Client ────► unified-api ────► Lambda
             POST /search      │
             + project_id      ▼
                            Embed Query


             Turbopuffer ◄── Vector Search
             (cosine sim)     + filters


             Results

The build process pulls connector configs from S3, transforms them into indexed actions with enhanced text, generates embeddings, and upserts to Turbopuffer. Search embeds the query, applies connector and project filters, and returns ranked results.

Deployment surfaced the usual issues: missing IAM permissions for listBuckets, which required a redeploy. Then, I found tests passing silently because there were no custom connectors in the staging bucket - a reminder that passing tests don’t guarantee correctness. After transferring test data and re-validating locally, everything worked as expected.

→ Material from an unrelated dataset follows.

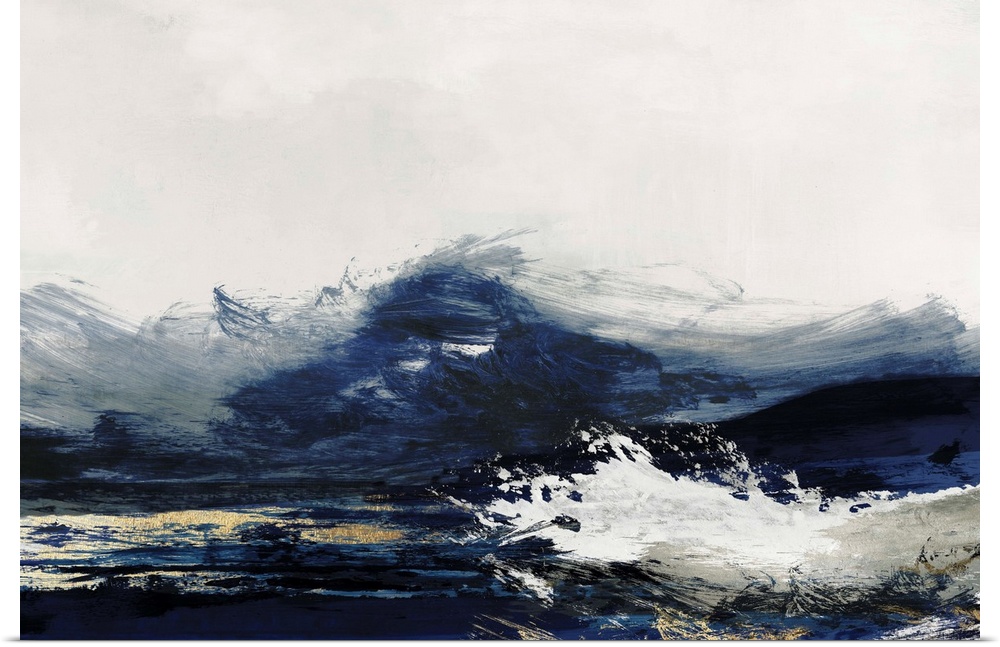 <p>Abstract painting with dark navy blue and white, resembling crashing waves.</p>

The New Development Lifecycle

The pattern that’s emerging:

  1. Specification — understand the problem and solution (unchanged from pre-AI)
  2. Context handoff — provide Claude with the spec, relevant code locations, test criteria, benchmark requirements, and decision points where it should pause for input
  3. Verification — review the output and validate it works

I’m also finding value in longer sessions with more context compaction. The CLAUDE.md file that Claude uses, which I initially found annoying, has become really useful as a project tracker and decision point log.

The human role is still specification, verification, and knowing when something is good enough to ship. But execution is increasingly delegated. The interesting question is how this continues to evolve.